Protesters hold a banner reading "Antifacist" as they take part to a demonstration in Lyon
JEAN-PHILIPPE KSIAZEK/AFP via Getty Images

The French government told parliamentarians this week that it will take steps to ban one of the leading far-left Antifa groups in the country amid allegations of the use of violence against political opponents.

Interior Minister Bruno Retailleau said on Tuesday that “dissolution” proceedings to proscribe the Lyon-based La Jeune Garde Antifasciste (The Young Anti-Fascist Guard) have begun.

“This will be an opportunity for the Young Guard to assert their rights, and it is an opportunity for us to bring, I hope to an end, the dissolution,” Retailleau said, according to Le Figaro.

The group was founded in 2018 in response to the increased presence of far-right street activism, the far-left group claimed.

The Antifa cell has been active in numerous street protests, including the widespread demonstrations in 2023 against the move by the Macron administration to raise the state pension age without the approval of the National Assembly.

Raphaël Arnault, a founder and the official spokesman of the Antifa group, who was controversially elected to the National Assembly last year for the far-left La France Insoumise (LFI) party, claimed that the move from the government is an attempt to derail leftist street activism in the wake of protests against “Islamophobia” following the killing of a Muslim man allegedly by a Bosnian-heritage man last week.

He said that the Young Guard “is an indispensable anti-fascist tool in this period, the far-right has understood this well and is trying to destroy us.”

Arnault has previously been accused of being directly involved in alleged street violence by the Antifa cell, including an assault against a right-wing activist, who claimed that Arnault and another Antifa member beat him with a helmet.

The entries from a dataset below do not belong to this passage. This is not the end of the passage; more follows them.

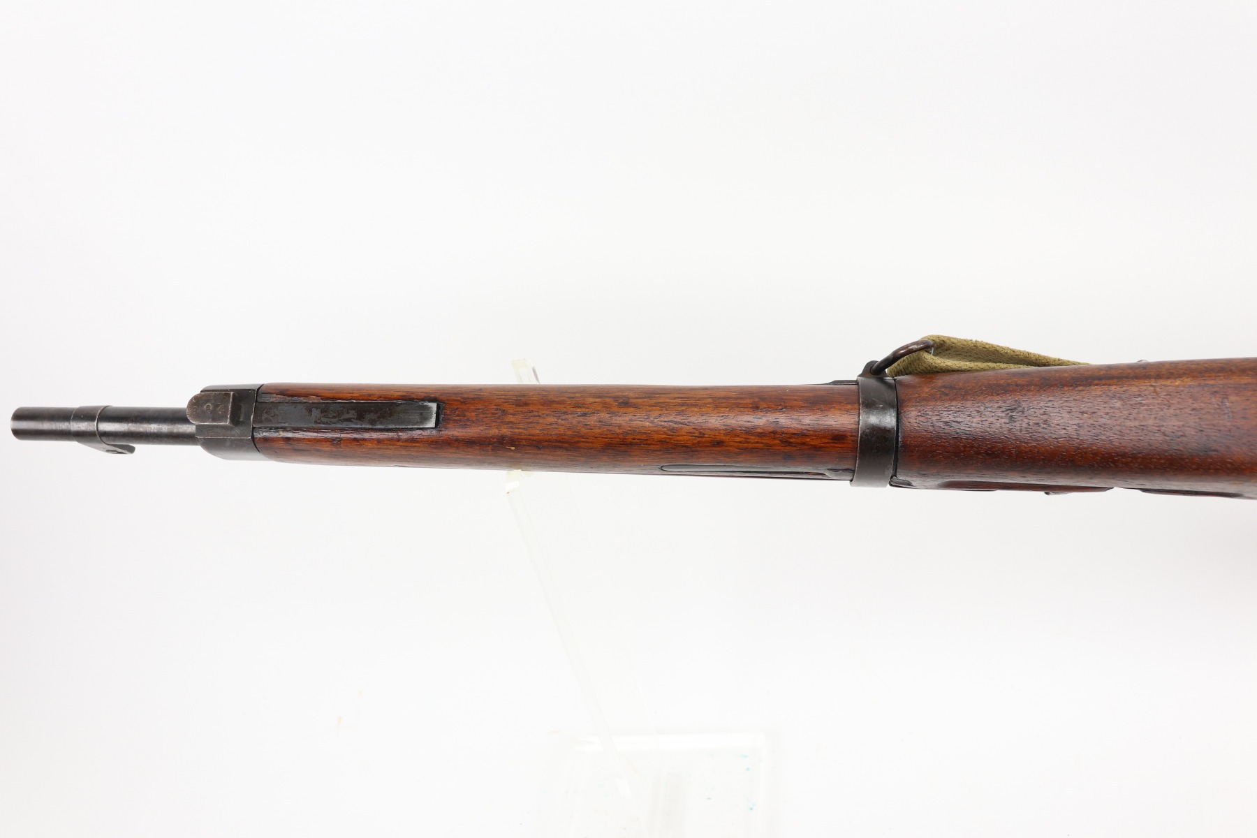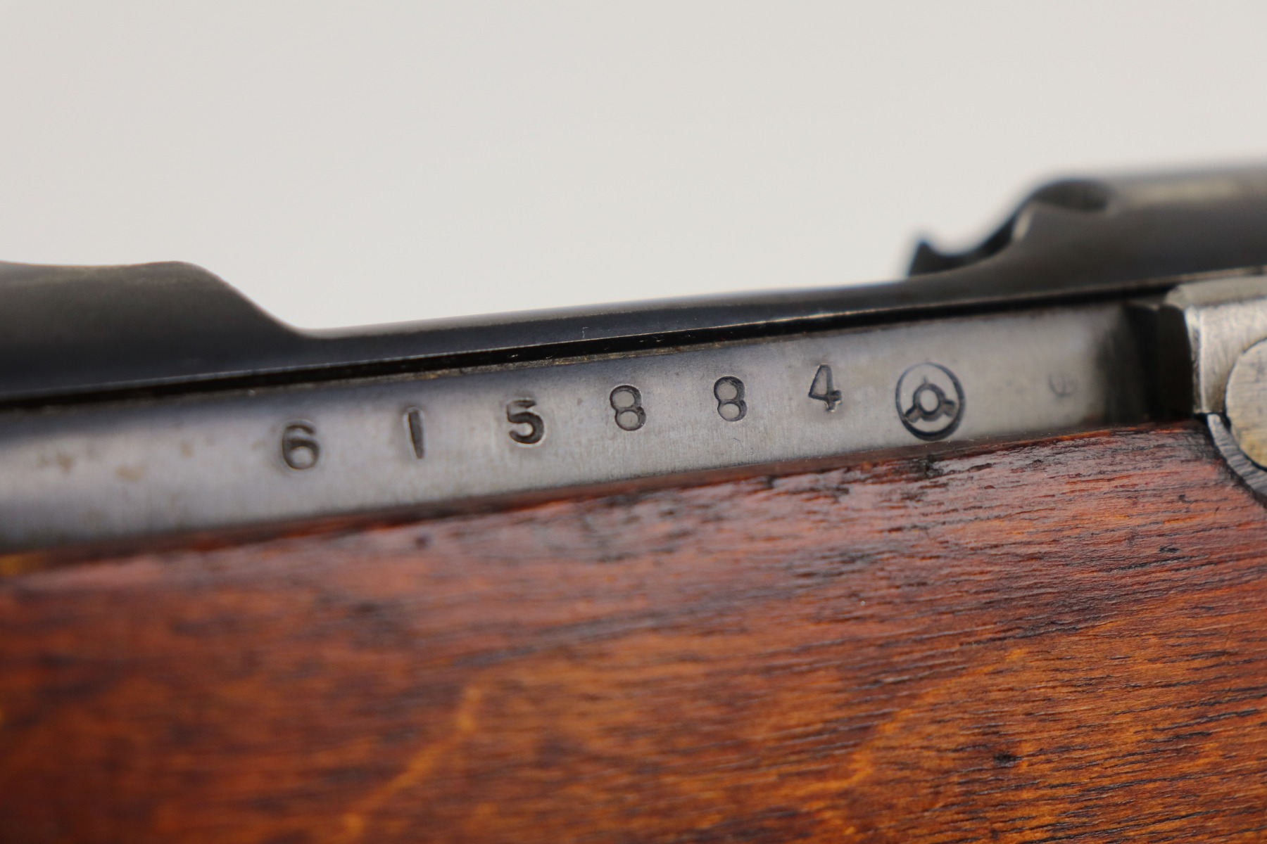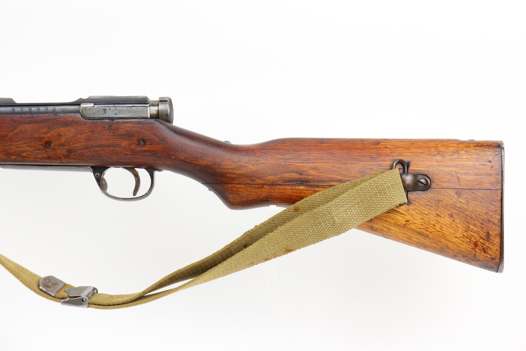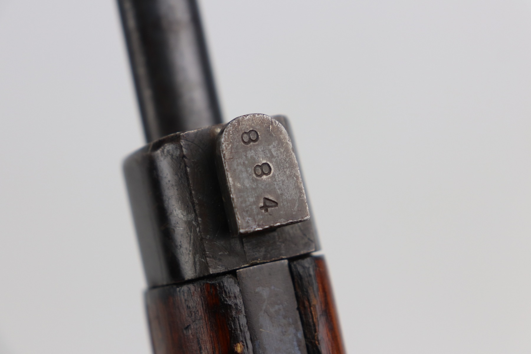 4/12/21 – This is an excellent example of an Arisaka Type 38 Carbine issued to the Japanese military during WW2. The mum stamp on the receiver is almost entirely in tact, but there is a faint “X” through it. The gun is all matching except for the firing pin and cocking knob. Comes with an original sling. The gun has retained most of its bluing, but there is splotchy discoloration throughout, most noticeable on the barrel and floor plate. The stock is excellent but has been sanded. Excellent bore – shiny with strong rifling.
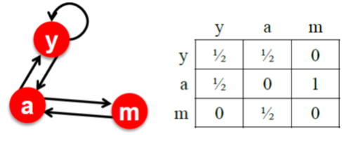 To start the page rank of ra=ry=rm = 1/3 so that the sum ∑ri =1
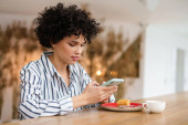 Portret młodej, pięknej, afrykańskiej kobiety korzystającej z telefonu komórkowego podczas lunchu w kawiarni
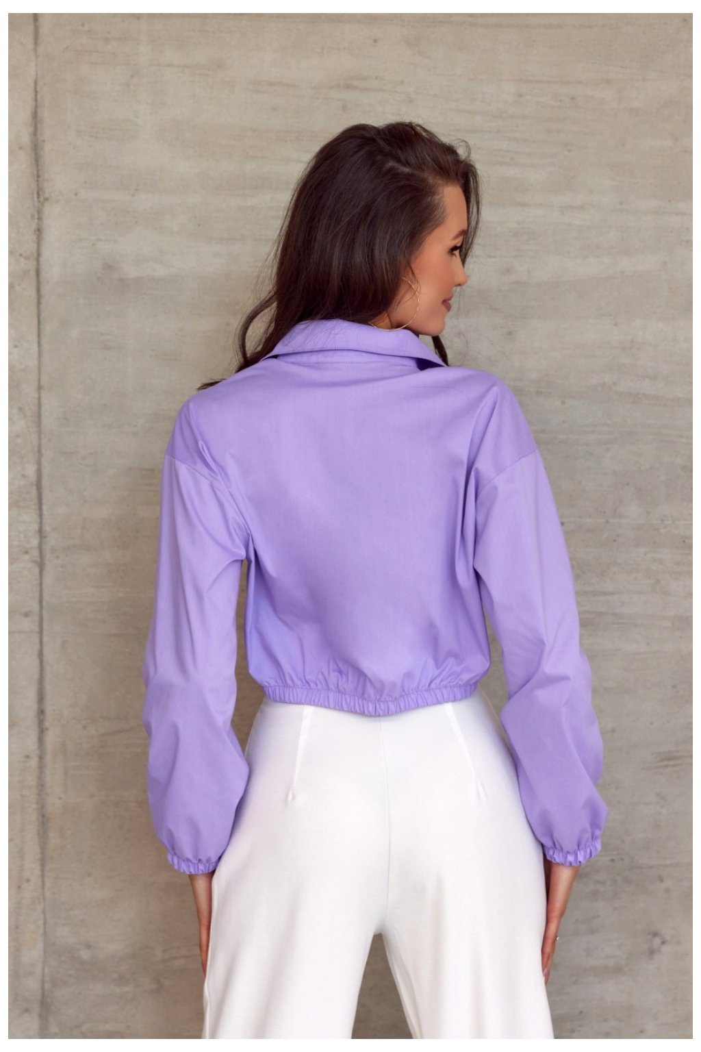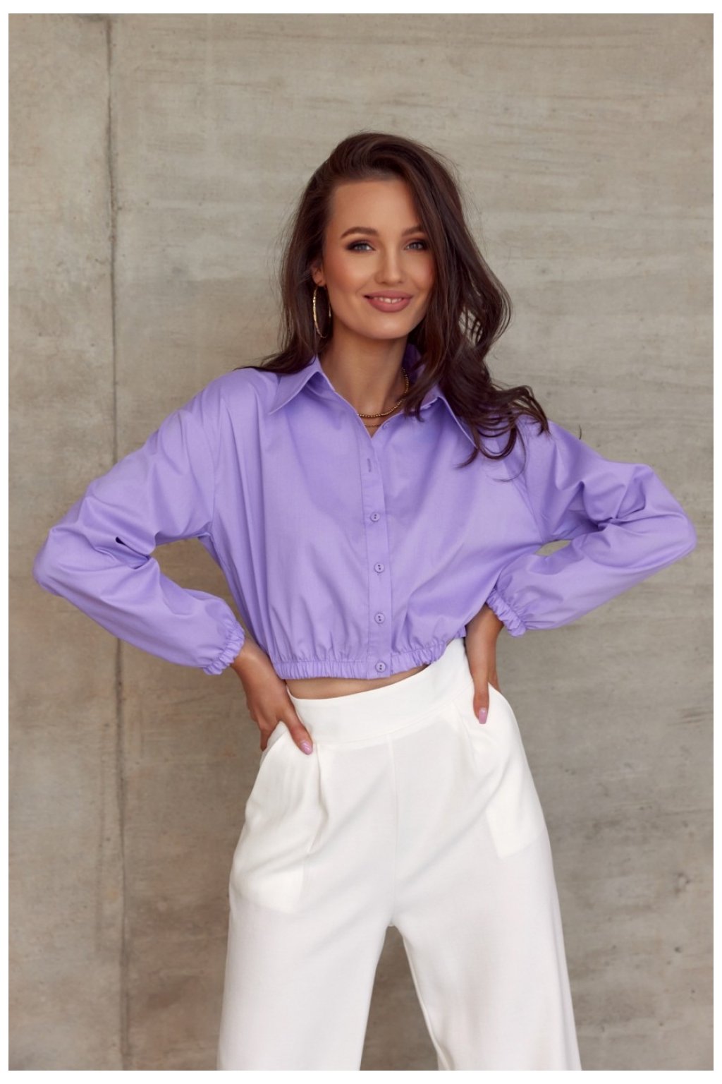 Košile se zapíná vpředu na knoflíky a má nastavitelný výstřih. Klasický stojáček jí dodává šarm. Ve spodní části a na zápěstí je obohacena o nápadné žebrování v podobě gumy. Gumička ve spodní části zužuje pas, zvýrazňuje pas a jemně podtrhuje siluetu. Košile je vyrobena z velmi kvalitního materiálu a příjemně se nosí, je skvělým doplňkem prakticky každého dámského ležérního i formálního stylingu. Výrobek je vyroben a ušit v Polsku.

Reports have also claimed that Arnault’s involvement in radical leftist politics was so extreme that the internal French intelligence services opened an “S” file on him.

This would have designated him as a potential national security threat and thus landed him on the same watch list as suspected terrorists.

Despite this, the far-left LFI party backed his candidacy, even after it was reported that Arnault was on the national security watch list, and he now represents the 1st constituency of Vaucluse in the French parliament.

LFI leader and former presidential candidate Jean-Luc Mélenchon was critical of the attempt to ban the Antifa collective.

“Bruno Retailleau announces the dissolution of the anti-fascist organisation La Jeune Garde. On what grounds? Nobody will know. These young people hate fascism. I agree with them. Well done, keep going! Is the Minister of the Interior trying to scare us? You’ll never get there!” the far-left leader said.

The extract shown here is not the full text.